Hacking Neural Networks

Author: Kevin Thomas

Welcome to the Hacking Neural Networks notebook! This notebook is designed to provide a detailed, step-by-step walkthrough of the inner workings of a simple neural network. The goal is to demystify the calculations behind neural networks by breaking them down into understandable components, including forward propagation, backpropagation, gradient calculations, and parameter updates.

Overview

The focus of this repository is to make neural networks accessible and hackable.

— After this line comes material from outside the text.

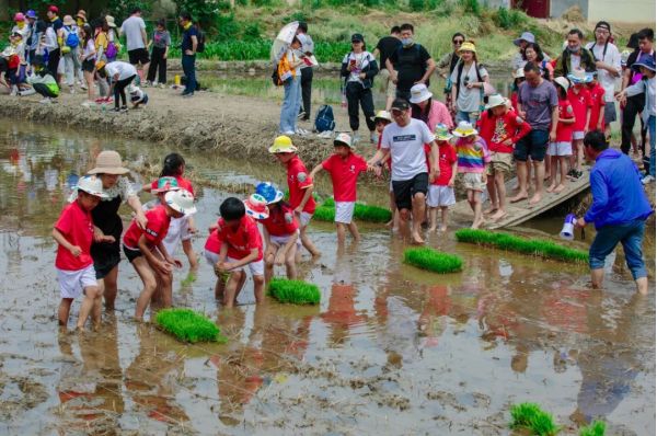 此時(shí)的長(zhǎng)安唐村,不少家長(zhǎng)帶著孩子,挽起褲腿踩進(jìn)泥土中,在園區(qū)工作人員的帶領(lǐng)下,親手栽種下一棵棵秧苗,參與作物的自然成長(zhǎng)。“很多游客都很珍惜插苗體驗(yàn)的親子時(shí)光,對(duì)他們來(lái)說這種與自然親密接觸的機(jī)會(huì)很珍貴。”園區(qū)一名工作人員說。
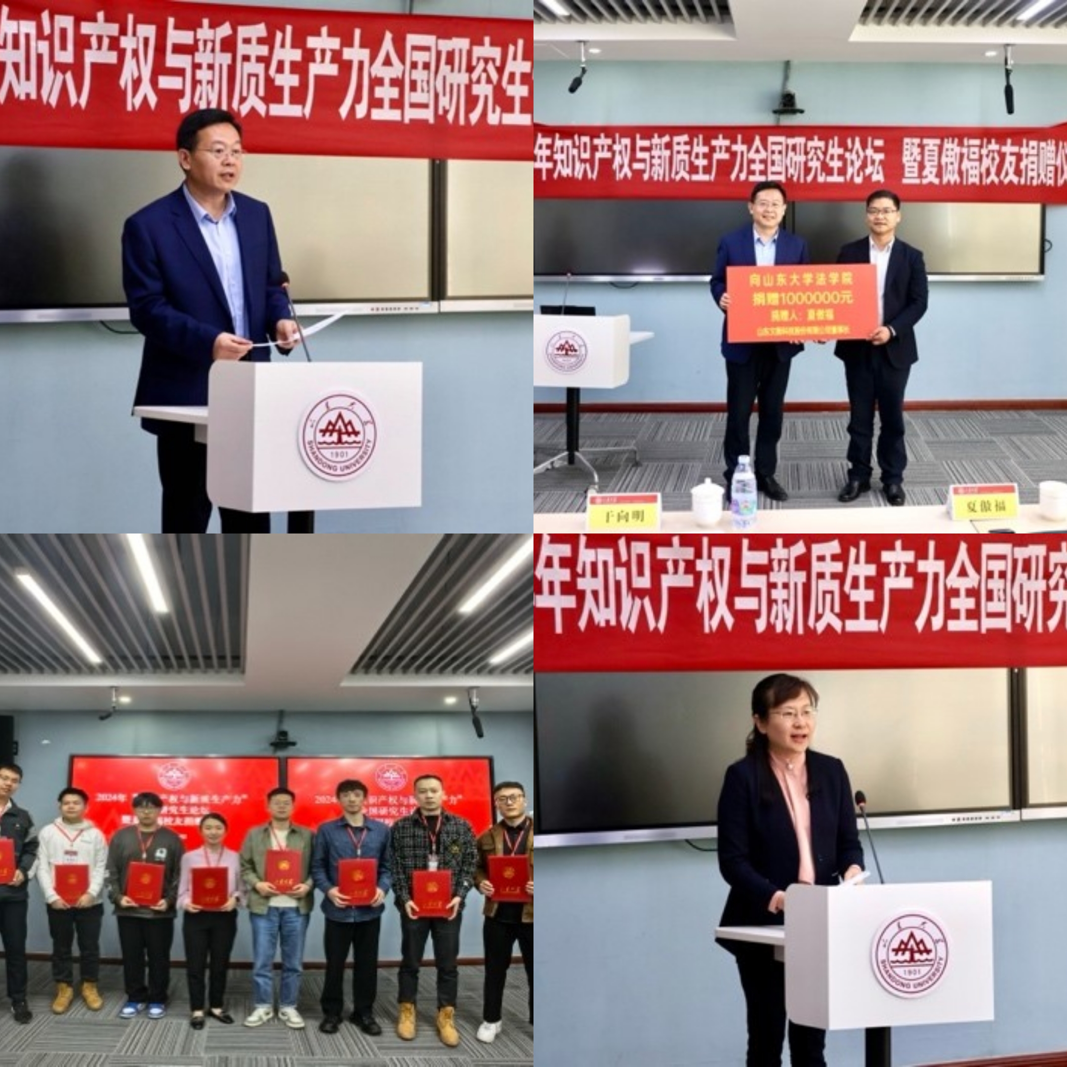 4月24日,值第24个“世界知识产权日”来临之际,由金沙集团1862cc成色主办的2024年“知识产权与新质生产力”全国研究生论坛暨夏傲福校友捐赠仪式在山东大学青岛校区举办。论坛共收到来自全国61所高校的114份稿件,经专家评审,评出特等奖1篇、一等奖2篇、二等奖3篇、三等奖4篇。来自北京大学、清华大学、浙江大学、武汉大学、上海交通大学、同济大学、中国政法大学、中南财经政法大学以及青岛市中级人民法院等10余所高校和法律实务部门的近30位专家学者和学生代表参会交流。

We emphasize hands-on exploration of every step in the network's operations, highlighting the following:

STEP 1: FORWARD PASS: How the network computes outputs.
STEP 2: BACK PROPAGATION: Deriving gradients for each parameter.
STEP 3: OPTIMIZATION / GRADIENT DESCENT: Updating weights and biases using gradient descent.

Network Architecture

The neural network we analyze consists of the following components:

Inputs: Two input neurons: $x_1$ and $x_2$.
Weights: $w_1$ and $w_2$, which connect the inputs to the output neuron.
Bias: $b$, an additive term to the linear combination.
Activation Function: $\tanh$, which introduces non-linearity.
Output: $o$, the result of the activation function.

Initial Setup

Image(filename = 'ae0.jpg')

jpeg

Install Libraries

!pip install torch

Requirement already satisfied: torch in /opt/anaconda3/envs/prod/lib/python3.12/site-packages (2.5.1)
Requirement already satisfied: filelock in /opt/anaconda3/envs/prod/lib/python3.12/site-packages (from torch) (3.13.1)
Requirement already satisfied: typing-extensions>=4.8.0 in /opt/anaconda3/envs/prod/lib/python3.12/site-packages (from torch) (4.12.2)
Requirement already satisfied: networkx in /opt/anaconda3/envs/prod/lib/python3.12/site-packages (from torch) (3.3)
Requirement already satisfied: jinja2 in /opt/anaconda3/envs/prod/lib/python3.12/site-packages (from torch) (3.1.4)
Requirement already satisfied: fsspec in /opt/anaconda3/envs/prod/lib/python3.12/site-packages (from torch) (2024.6.1)
Requirement already satisfied: setuptools in /opt/anaconda3/envs/prod/lib/python3.12/site-packages (from torch) (75.1.0)
Requirement already satisfied: sympy==1.13.1 in /opt/anaconda3/envs/prod/lib/python3.12/site-packages (from torch) (1.13.1)
Requirement already satisfied: mpmath<1.4,>=1.1.0 in /opt/anaconda3/envs/prod/lib/python3.12/site-packages (from sympy==1.13.1->torch) (1.3.0)
Requirement already satisfied: MarkupSafe>=2.0 in /opt/anaconda3/envs/prod/lib/python3.12/site-packages (from jinja2->torch) (2.1.3)

Imports

import torch

Set Random Seed / Reproducibility

torch.manual_seed(42)

<torch._C.Generator at 0x10ff09170>

Define Input `x1` w/ Gradients Enabled

x1 = torch.tensor([2.0], dtype=torch.double, requires_grad=True)

x1

tensor([2.], dtype=torch.float64, requires_grad=True)

x1.ndim

x1.shape

torch.Size([1])

Define Input `x2` w/ Gradients Enabled

x2 = torch.tensor([0.0], dtype=torch.double, requires_grad=True)

x2

tensor([0.], dtype=torch.float64, requires_grad=True)

x2.ndim

x2.shape

torch.Size([1])

Define Initial Weight `w1` w/ Gradients Enabled

w1 = torch.tensor([-3.0], dtype=torch.double, requires_grad=True)

w1

tensor([-3.], dtype=torch.float64, requires_grad=True)

w1.ndim

w1.shape

torch.Size([1])

Define Initial Weight `w2` w/ Gradients Enabled

w2 = torch.tensor([1.0], dtype=torch.double, requires_grad=True)

w2

tensor([1.], dtype=torch.float64, requires_grad=True)

w2.ndim

w2.shape

torch.Size([1])

Define Initial Bias `b` w/ Gradients Enabled

b = torch.tensor([6.8814], dtype=torch.double, requires_grad=True)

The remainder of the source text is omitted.